Quant aux propos du président de la République, je n’en ferai pas l’exégèse. Il a publiquement prononcé une formule qu’il a lui-même expliquée le lendemain. Peu importe la sympathie personnelle que je pourrais avoir pour quelque maire que ce soit, en tant que garde des Sceaux je rappelle que, pour la célébration du mariage, les maires sont des officiers d’état civil, fonction qu’ils exercent par délégation d’État. À ce titre, ils exécuteront la loi si celle-ci est votée, sans quoi ils s’exposeront à des sanctions. En délégant des actes civils de l’État au maire, la République garantit une égalité de traitement à tous les citoyens sur l’ensemble du territoire.

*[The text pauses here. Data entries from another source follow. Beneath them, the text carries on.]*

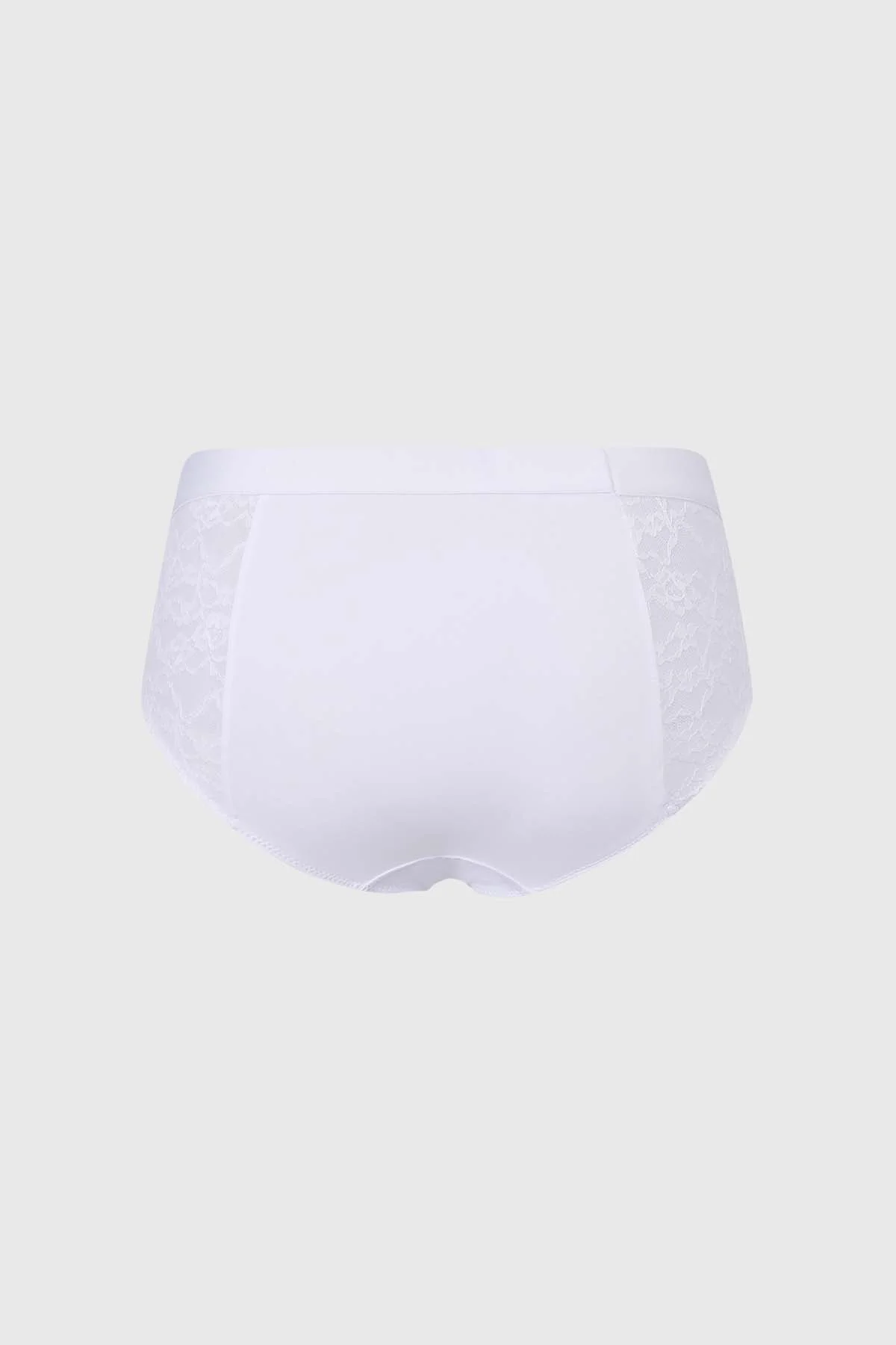 Calzón Mujer Tiro Alto Detalle Encaje Blanco
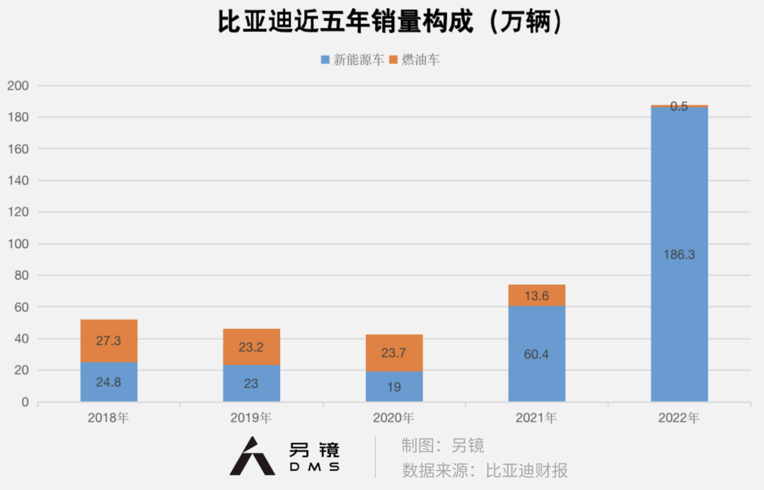 2022年比亚迪全年共销售186.35万辆新能源汽车,同比增长208.64%。
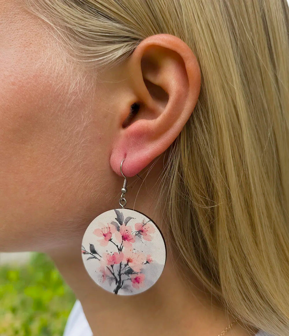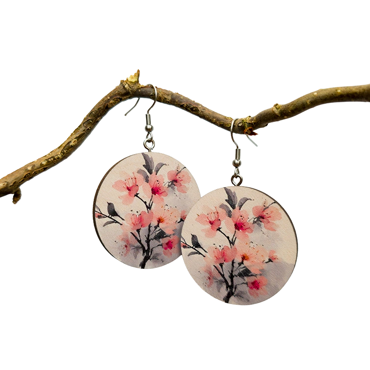 Sakura Sumu on heleän kevyt korvakorupari, jossa kirsikankukat leijuvat haalean vaalealla pohjalla kuin unenomaisessa sumussa. Akvarellimainen kuosi huokuu rauhaa, romantiikkaa ja ajattomuutta – täydellinen valinta pehmeään itseilmaisuun.
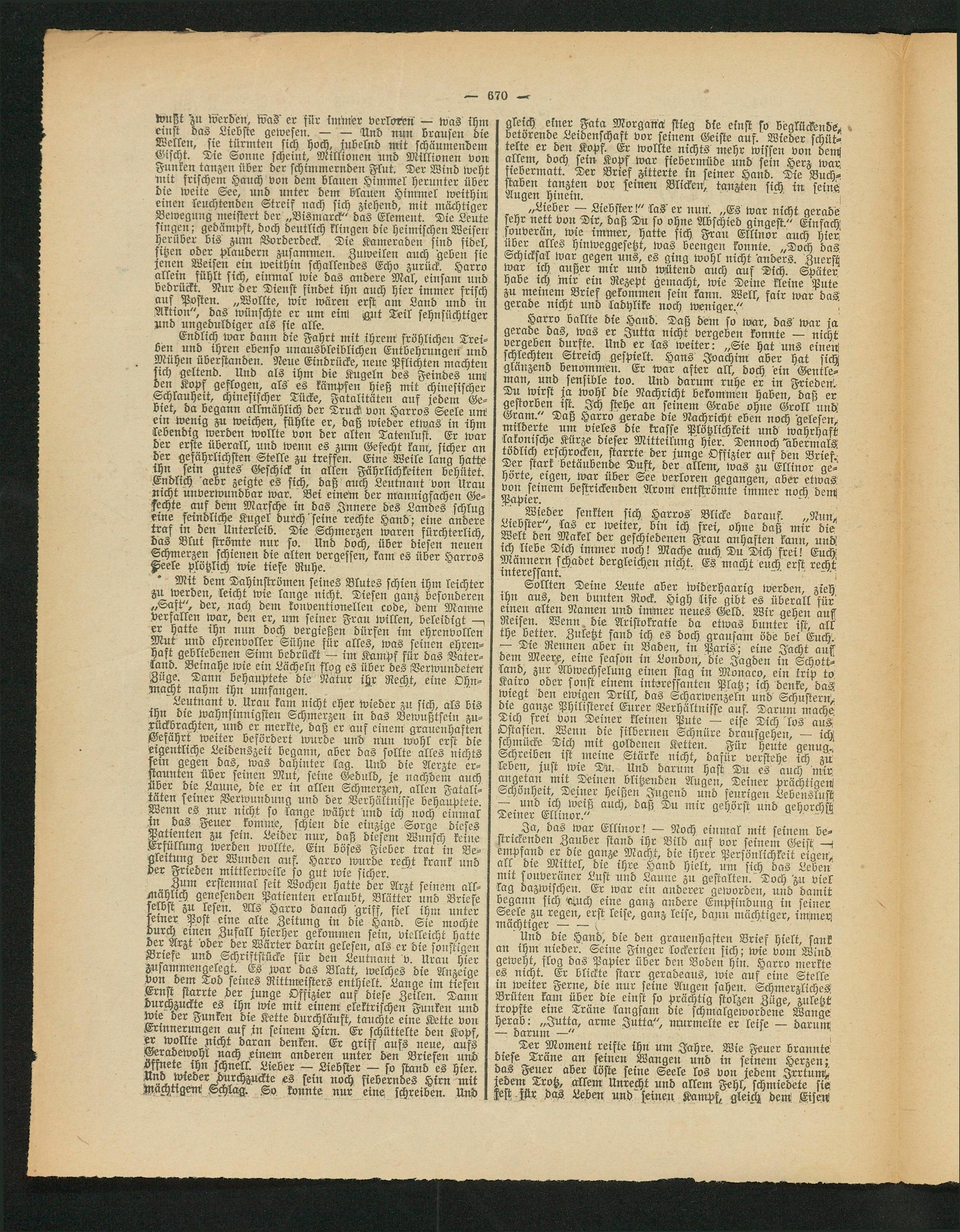 „Zum erstenmal seit Wochen hatte der Arzt seinem all- mahlich genesenden Patienten erlaubt, Blätter und Briefe selbst zu lesen. Ms Harro danach griff, fiel ihm unter semer Post eine alte Zeitung in die Hand. Sie mochte durch einen Zufall hierher gekommen sein, vielleicht hatte der Arzt oder der Wärter darin gelesen, als er die sonstigen Briefe und Schriftstücke für den Leutnant v. Uran hier zusammengelegt. Es ,ivar das Blatt, welches die Atizeige von dem Tod feines Rittmeisters enthielt. Lange im tiefen Ernst starrte ber junge Offizier auf diese Zeilen. Dann durchzuckte es ihn wie mit einem elektrischen Funken und wie der Funken die Kette durchläuft, tauchte eine Kette von Erinnerungen auf ,in feinem Hirn. Er schüttelte den Kopf, er wollte nicht daran denken. Er griff aufs neue, aufs Geradewohl nach .einem anderen unter den Briefen unb öffnete ihn schnell. Lieber — Liebster — so staub es hier.
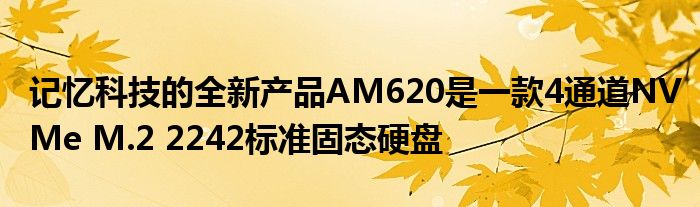 今天筆者要為大家評測的來自記憶科技的全新產(chǎn)品——AM620,這是一款4通道NVMe M.2 2242標(biāo)準(zhǔn)固態(tài)硬盤。
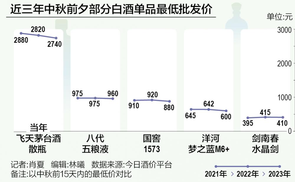 今日酒价的数据显示,今年双节前夕散瓶53度飞天茅台酒批发价连续多日不到2800元,比两年前同期3000元+的价格有显著下滑,也稍低于去年中秋前夕。有做白酒回收的重庆酒商对21世纪经济报道记者说,茅台价格相对稳定,但今年的出货不如前两年那么快。
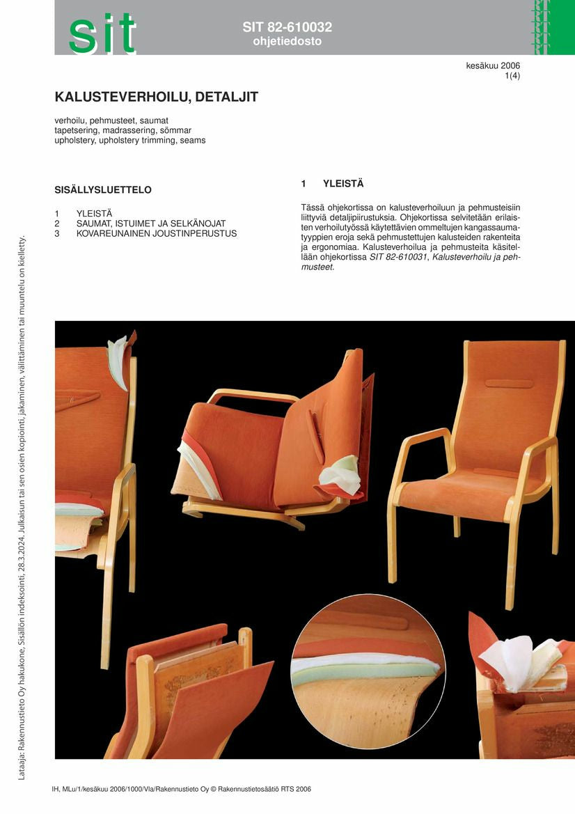 - Avainsanat tuolit; sisustustuotteet; verhoilutarvikkeet; istuimet; kalusteverhoilu; kovaperustus; kovareunainen joustinperustus; pehmusteet; selkänojat; harjasauma; kaksipuoleinen tuettu sauma; katesauma; satulavyöpunos; saumatyypit; tere; yhdyssauma
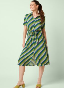 “Stripe it till you like it!” Deze midi doorknoopjurk is speels én vrouwelijk dankzij de top met puntig kraagje, korte mouwen en het afneembare striklint dat je taille prachtig accentueert. Ze is uitgevoerd in een heerlijk soepele EcoVero viscosemix (stretcht niet) met een frisse gestreepte print in groen, crème en blauwtinten. * Midi model * Doorknoopjurk * Puntig kraagje * Korte mouwen * Afneembare strikband voor een extra ‘snatched’ taille * It has pockets! * Reikt bij een lengte van 1,70 m tot op de kuit
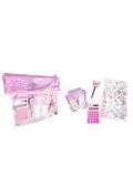 - kalkulator - notes w linie na spirali - długopis z ozdobą - arkusz naklejek do dekorowania Zestaw zapakowany w przezroczystą saszetkę z dwoma przegródkami zamykanymi na zamek.
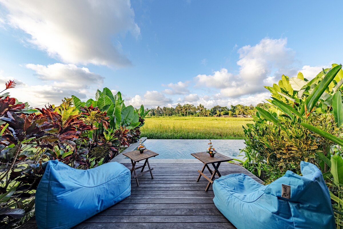 Məkan, sükunət və təbiətin gözəl şəkildə birləşdiyi gizli romantik məkan. Ubud Mərkəzinə cəmi 5 dəqiqəlik məsafədə yerləşən bu geniş şəxsi villa tənhalıq və rahatlıq arasında mükəmməl tarazlıq təklif edir. Cütlüklər və bal ayı üçün təbiət qoynunda açıq havada xəyali vannası və yamyaşıl mənzərəli sonsuzluq hovuzu. Ekoloji təmiz konsepsiya olan villa təbii materiallardan, açıq hava axınından və tropik bağlardan istifadə edərək sakit, nəfəs ala bilən atmosfer yaradır
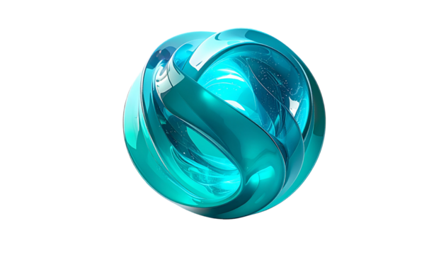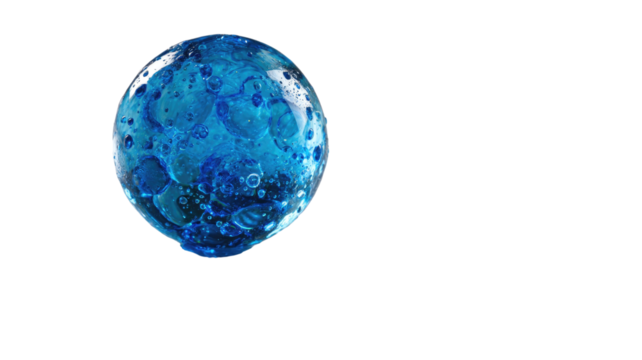 blue liquid glass sphere with trapped bubbles and glossy surface futuristic abstract object isolated on white background
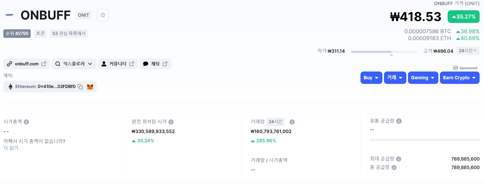 온버프 코인은 블록체인 지식재산권(IP) 중계 플랫폼으로서 코인마켓캡이나 업비트에 시총 정보가 나와 있지는 않으나 공급량이 8억 개가 안 되므로 지금 가격이 400원대인 걸로 봤을 때 그리 높지 않습니다.

M. Philippe Houillon. Le présent texte consacrera, à l’égard de deux parents de même sexe, deux formes de filiation opposables et normalement inscrites sur le livret de famille : l’une adoptive ; l’autre issue de la PMA – car l’accès des couples de femmes à cette dernière sera très probablement autorisé. En outre, la question de la GPA ne manquera pas de se poser : si l’accès à la PMA est ouvert aux couples de femmes, les couples d’hommes demanderont, au nom de l’égalité, à bénéficier de la GPA. Vous avez parlé, madame la ministre déléguée, d’égalité et de suppression des discriminations. Quelle est votre position au sujet de la GPA ?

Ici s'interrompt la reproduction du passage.